Getting your cat used to a dog

If you live with a dog, you should put it on a leash before you meet your cat for the first time. This way it can set the pace and go on the offensive. For more tips, see our article "Like dog and cat«? - How living together works well".

Getting cats and small animals used to each other

Do you have rabbits, mice or birds in the house? Then take enough time to accustom them. Small animals are natural prey for cats. Your cat must learn to accept the small rodents and flying animals in your living space as members of the family. The following tips will help:

  • It is especially important that you treat your small animals lovingly. In this way, you show your cat trust and a bond with the supposed prey.
  • It is welcome to watch you clean the cage and enclosure and sniff curiously at the bedding.
  • Take your velvet paw in your arms and stroke it when you are standing together in front of the aviary or cage. It will probably follow the movements of the small animals and stretch out curiously towards the bars.
  • Trust your cat calmly and give her the freedom to go closer to the small animal cage. However, if the hunting instinct is awakened, separate the animals immediately.
  • Also, do not leave your cat alone in a room with the small animals until the reunion is successfully completed.
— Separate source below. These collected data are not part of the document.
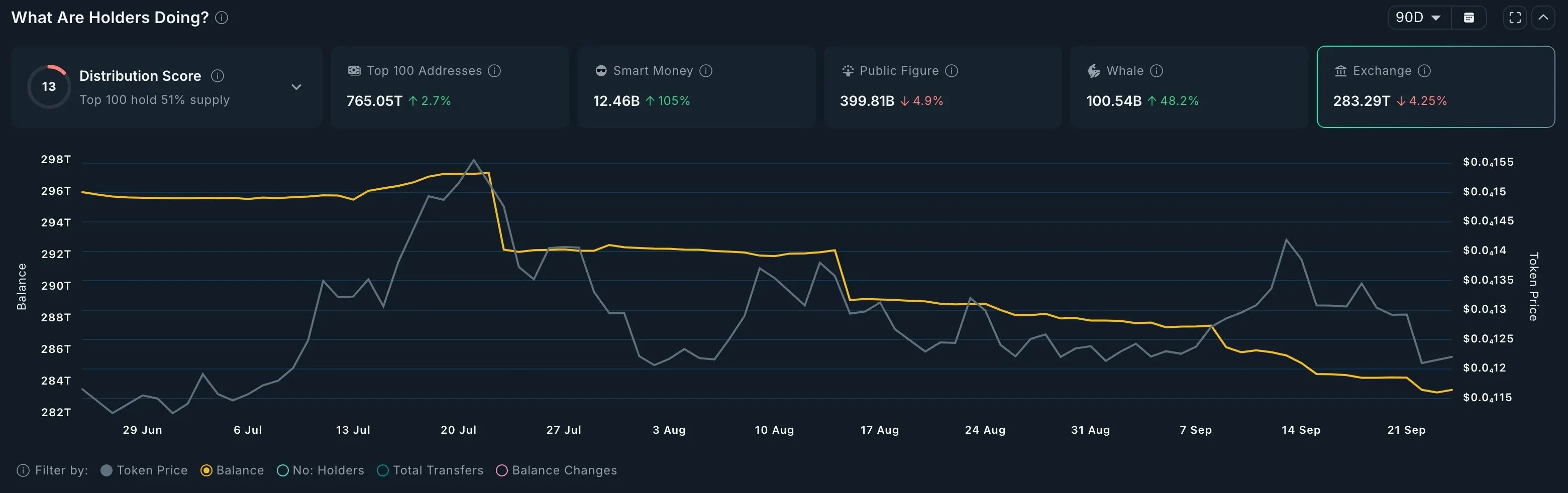 در کنار این موارد، کاهش موجودی SHIB در صرافیها نیز تاییدی بر تمایل بازار به نگهداری بلندمدت است؛ در حال حاضر، حدود ۲۸۳ تریلیون توکن در کیف پولهای صرافیها قرار دارد که نسبت به سه ماه گذشته، کاهش قابل توجهی از ۲۹۷ تریلیون دارد.
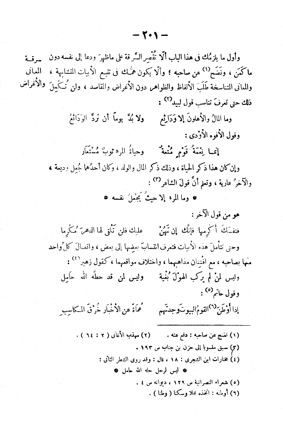 وأول ما يلزمُك في هذا الباب ألا تُقصِر السّرقة على ما ظهر ودعا الى نفسه دون ما كمَن، ونضح عن صاحبه؛ وألا يكون همّك في تتبّع الأبيات المتشابهة، والمعاني المتناسخة طلب الألفاظ والظواهر دون الأغراض والمقاصد، ولن تُكمِل ذلك حتى تعرفَ تناسب قول لبيد:
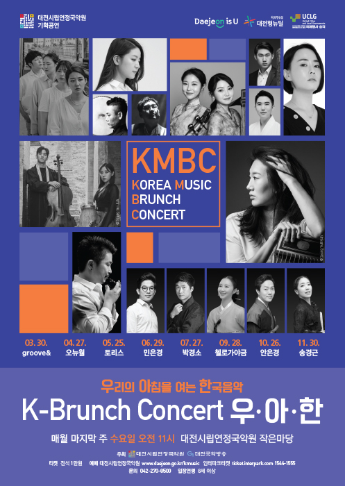 K-브런치콘서트 ‘우.아.한’은 대전국악방송과 공동으로 우리 지역 전통음악 인프라 확충과 국악의 대중화, 생활화를 위해 국내외에서 활발하게 활동하고 있는 연주자들과 함께 클래식, 재즈 등 다양한 장르와의 경계를 넘나드는 음악으로 국악 중심의 동시대 최고의 한국창작음악을 선사하는 프로그램이다.
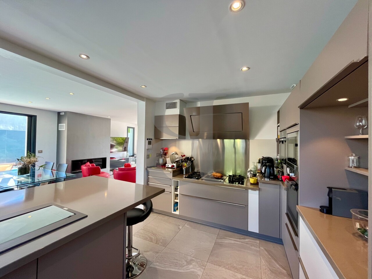 Au rez-de-chaussée, vous trouverez un grand séjour lumineux avec cheminée ouvert sur une cuisine équipée semi-professionnelle. L'espace de vie offre un accès direct sur l'extérieur grâce à ses baies à galandage. Sur ce même niveau, une spacieuse suite parentale d'un peu plus de 40 m² comprenant un dressing, une salle de bains avec double vasque, douche à l'italienne et baignoire, ainsi qu'un wc indépendant. Une entrée, un espace buanderie et des wc invités complètent l'ensemble.
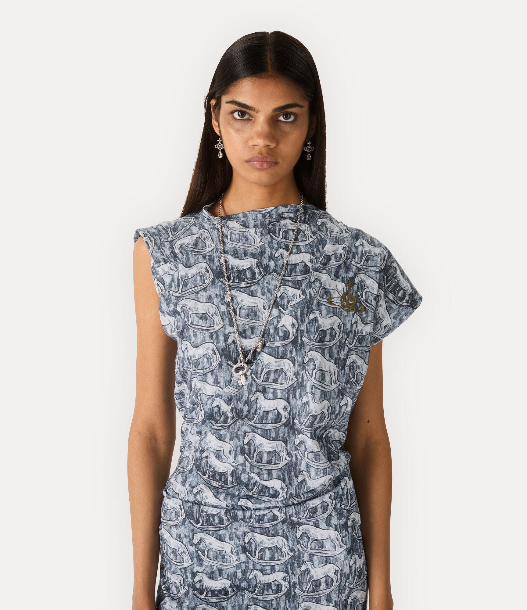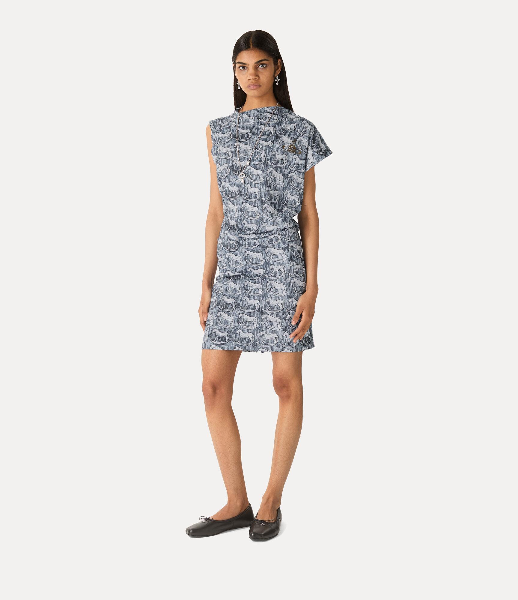 Our Hebo dress is decorated with the archival 'Rocking horse' motif, a nod to the Year of the Horse. Designed with an asymmetric neckline and subtle drape detailing, the piece features short, angled cap sleeves and falls into a straight, knee-length hemline.
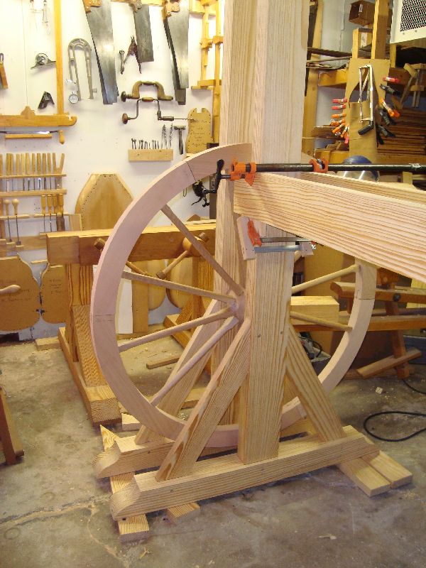 Wheel uprights in progress, measuring the stretchers
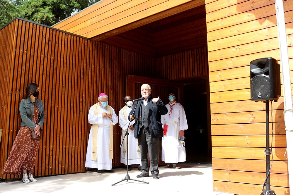 O padre Raimundo Sapalo Mangens pároco de Barcarena, presidiu à cerimónia de bênção da nova sede dos escuteiros desta freguesia de Oeiras.
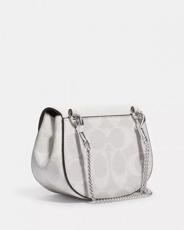Coach Morgan Card Case On A Chain In Signature Canvas White CK439 With OG Box & Dust Bag(LB)
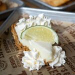 The mango swirl on top looks like it required real skill and took a long time. It takes about thirty seconds with a skewer. The coconut adds a subtle tropical depth to the filling that makes this taste completely different from a standard cheesecake, and the lime zest running through everything keeps it fresh and bright rather than heavy.

Our tip: Of course, friendships can also develop between the supposed hunter and the prey animal. Kittens are inexperienced and not yet used to small animals. The easiest way to get them used to your long ears or guinea pigs is to let them run around together in the room. For example, you can let them run around the room together. However, always keep them in the room with you! As a general rule, it is better not to let a mouse and a cat get together, because if the hunting instinct is awakened, the small rodent has nothing to offer your cat.

Free roamers: How to start your outdoor adventure safely

Does your house cat already sit at the window in the first few days and curiously observe the hustle and bustle in front of the house? It' s probably already waiting eagerly for its first steps outdoors. However, it is important to remember that even if you want to fulfil your cat's wish as soon as possible, it should know where its home is and already have a bond with you.

Our tip: Get your pet used to a cat harness for the first exploratory trips outside. If it accepts the harness well, you can put it on a leash and take it on its first adventures in freedom. However, as soon as your cat explores the surroundings on its own, take the harness off: this will prevent it from getting caught in bushes or undergrowth and injuring itself in the worst case.

If you have a brave and particularly trusting cat, it usually takes 14 days before you can go out together for the first time. If your velvet paw is rather shy and is slowly settling in, it is better to wait a little longer before taking it outdoors for the first time.

Conclusion: It doesn't matter whether you want to acclimatise kittens or adult cats: Patience, affection and respectful treatment of all involved are important. How did you manage to settle in your pet and pave the way for a happy cat life? We look forward to your tips!